Afterward, a trek was made up a long gravel road to the kids’ and mother’s shabby home. The mother lives with her boyfriend, who was at work, Franklin said.

Stacked on the front porch were lumps of coal and pieces of wood to be stoked inside a living room furnace when winter comes.

Franklin asked the mother to submit to a drug screen upon arriving. She was unable to deliver a urine specimen, but did give Franklin a mouth swab.

The conversation between the mother and Franklin was testy, but no one lost their temper. She invited Franklin and Henry in to inspect the home’s living conditions.
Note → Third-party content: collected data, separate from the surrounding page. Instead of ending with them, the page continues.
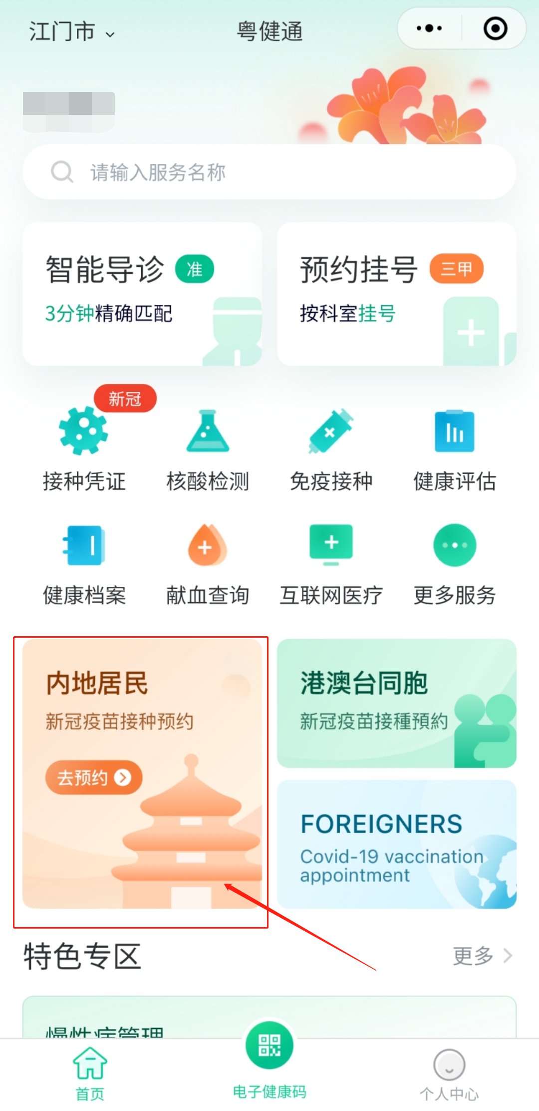 第二步:登录完成后,点击首页的“内地居民新冠疫苗接种预约”,然后依据个人情况,点击个人接种预约;
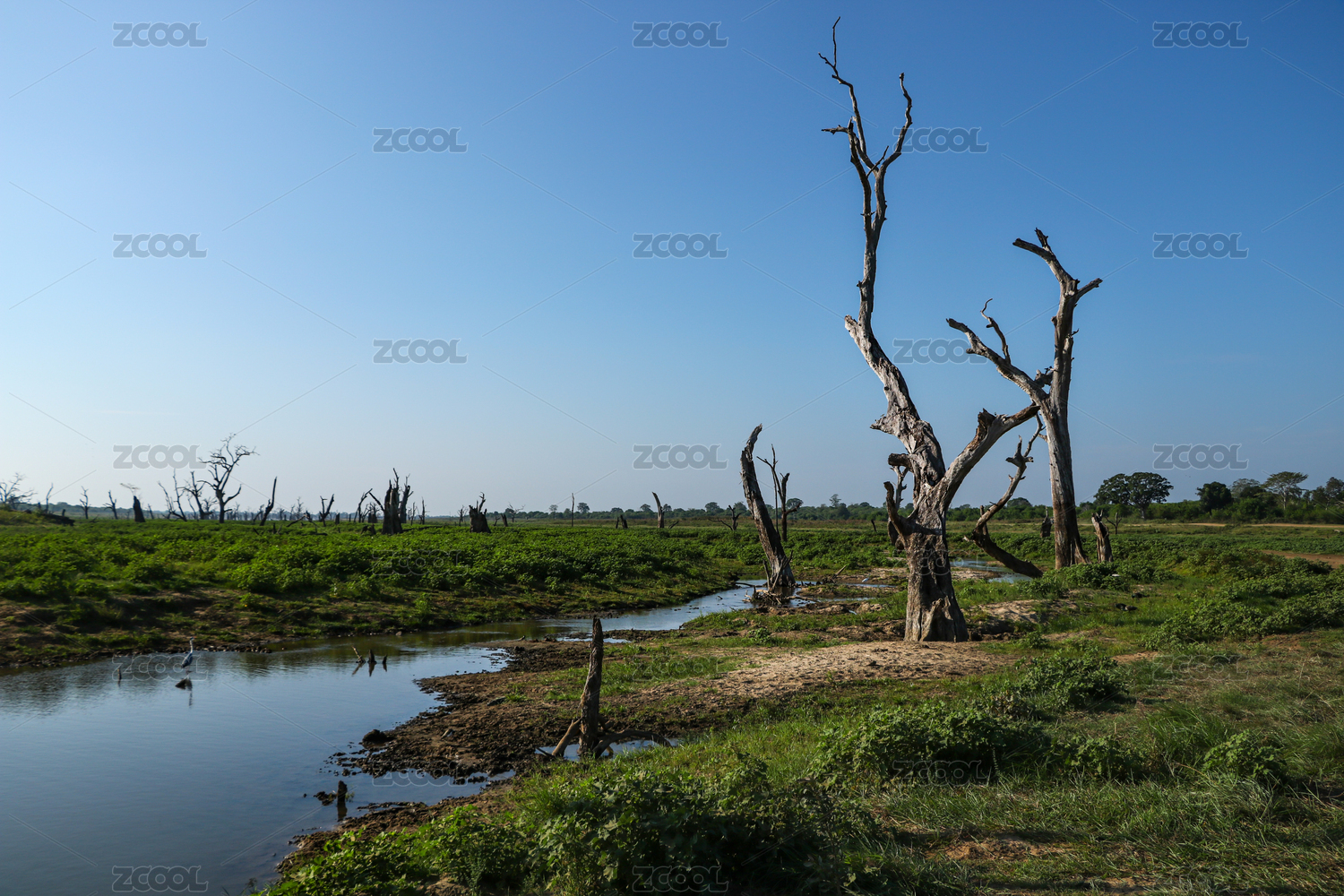 斯里兰卡荒野原野枯木树林景观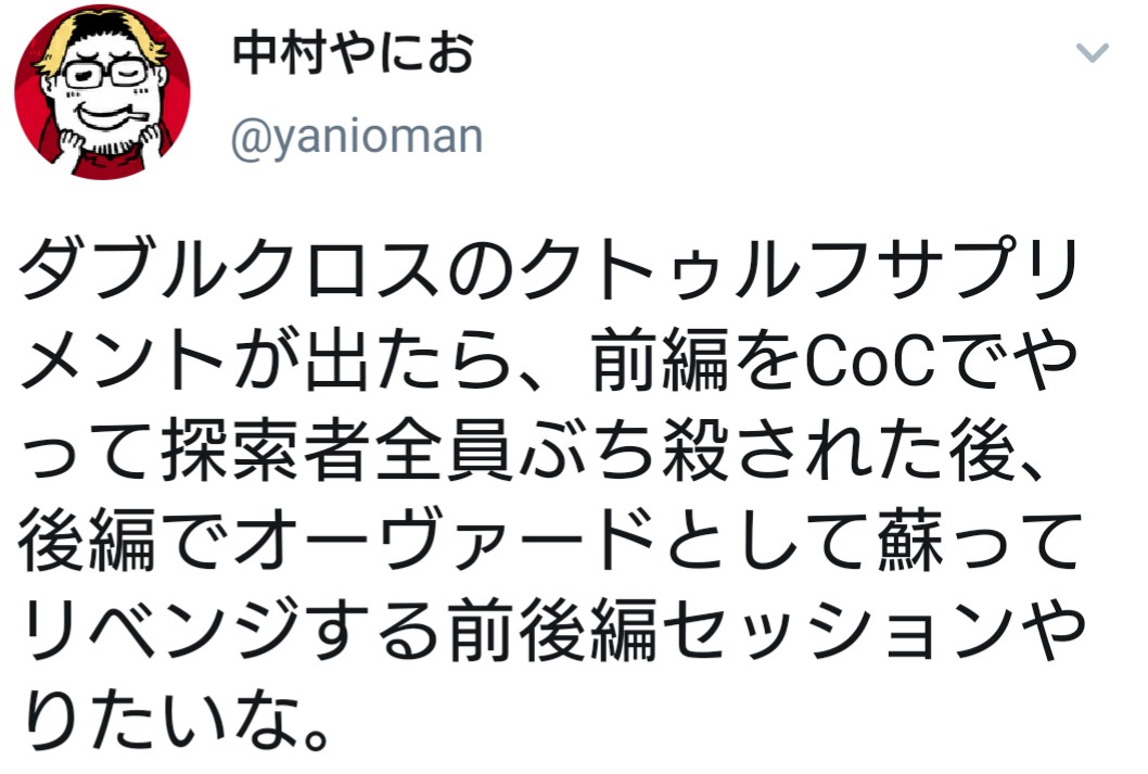 大丈夫ですリプレイ動画とか見ているとクトゥルフやりたくなってきちゃうな……大正浪漫とか産業革命期のロンドンとかめっちゃプレイしてみたいが、サプリお高い。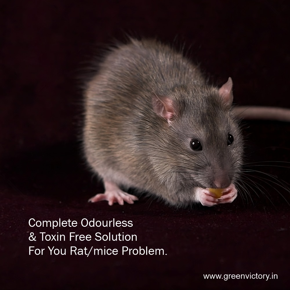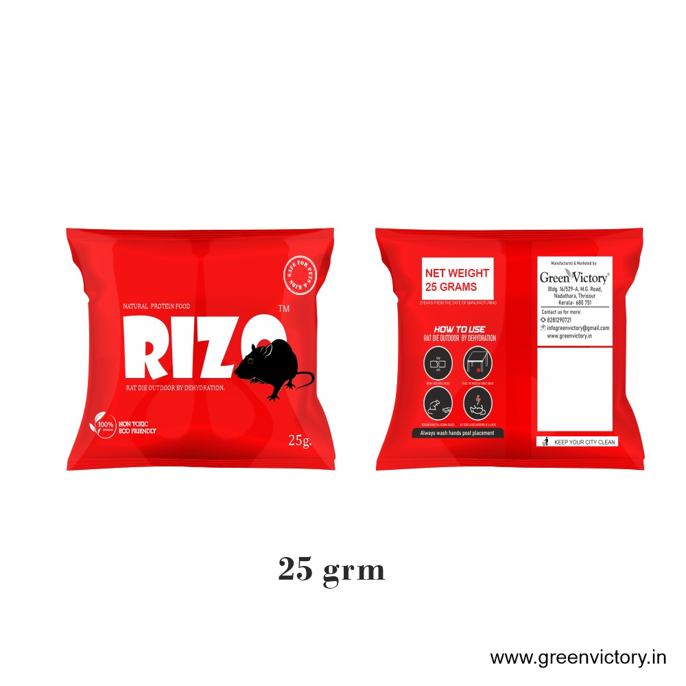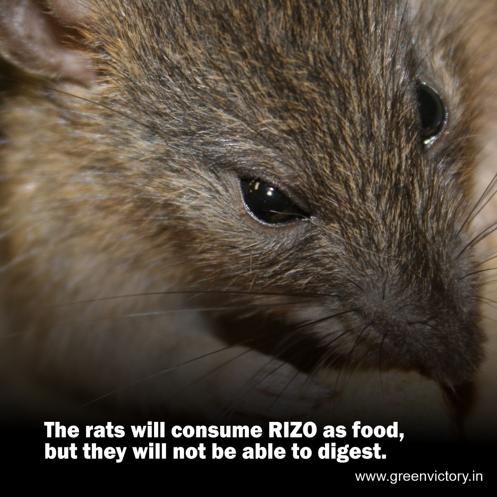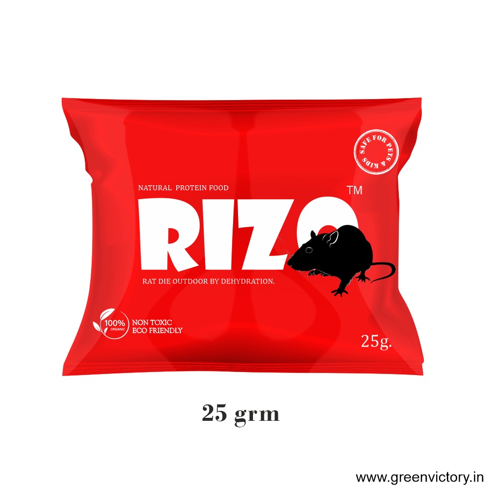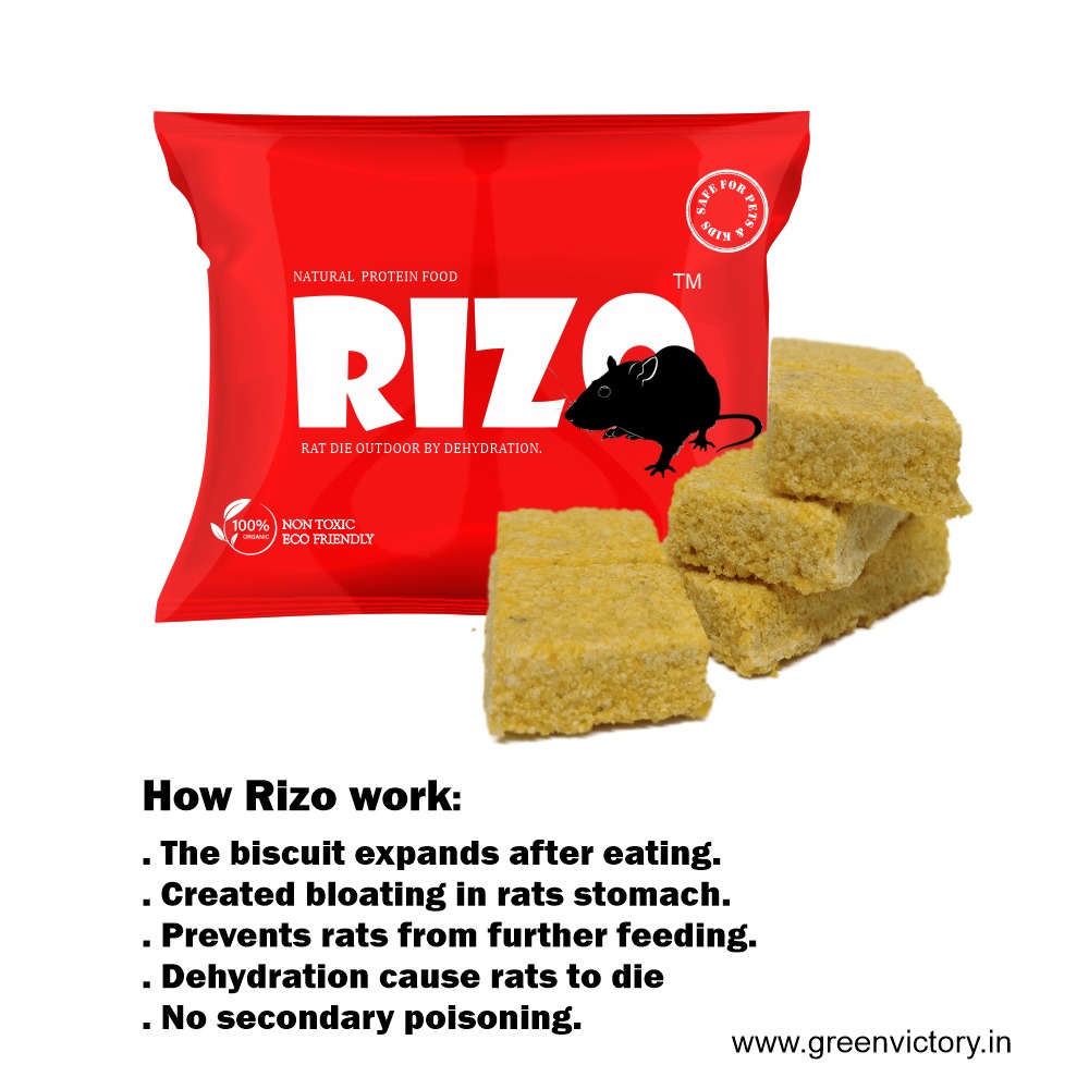 Rats in the home can do a lot of damage, contaminate food, and transmit disease.1 Unfortunately, you may not know you have a rat problem until it's out of control. It can also be difficult to permanently prevent rat entry unless you close all cracks, holes, and gaps around your home. Traps other methods are widely applied but the control or prevention is not fully possible as the use of chemicals or pesticide are strictly dangerous to us.We GreenVictory® introduce you RIZOTM. This is a protein based biscuit, used for the controlling elimination rats & mic in most affordable economic way. RIZOTm is safe to use around kids & pets as they are natural & eco-friendly.

This was Henry’s fourth field trip in the state to see what his caseworkers and investigators experience, and to see parenting at a questionable level.

“The idea of them losing their kids, when they are sober, is huge,” Henry said of the mother’s reaction to the visit.

The drug screen, said Franklin, would determine whether he had a “P-1” situation — with DCS having to take action in the home within 24 hours.

Franklin also disclosed there had been problems with the mother not getting her kids off the school bus at the end of the day. Her cell phone had to be rigged for a notification to happen at 3:15 p.m. so she could meet the bus, Franklin added.

A DNA sample also had to be taken from the daughter to see if her biological father is in prison, said Franklin.

At the end of the visit, Franklin said the mother passed the drug test and had a legal subscription for Suboxone and a drug similar to Valium.

“She got A’s today,” said Franklin, who indicated the mother’s case is closed for now. “The living conditions were not ideal, but I did not see any safety concerns. They had food in the home and a source of heat when it comes. ... Over here, there are still a lot of homes that don’t have plumbing.”

Franklin also pointed out there are people living in rented storage buildings in Hancock County, which faces double-digit unemployment.

“This is a most isolated and most impoverished place,” Franklin said of Hancock County. “There is so much a divide between the haves and have-nots.”

Still, Henry was encouraged by what he saw in Franklin.

“The best thing is the commitment of the people who work here (at DCS),” Henry said. “I think most people would be impressed. ... This is the toughest job in state government and no one really appreciates it unless you are involved in it.”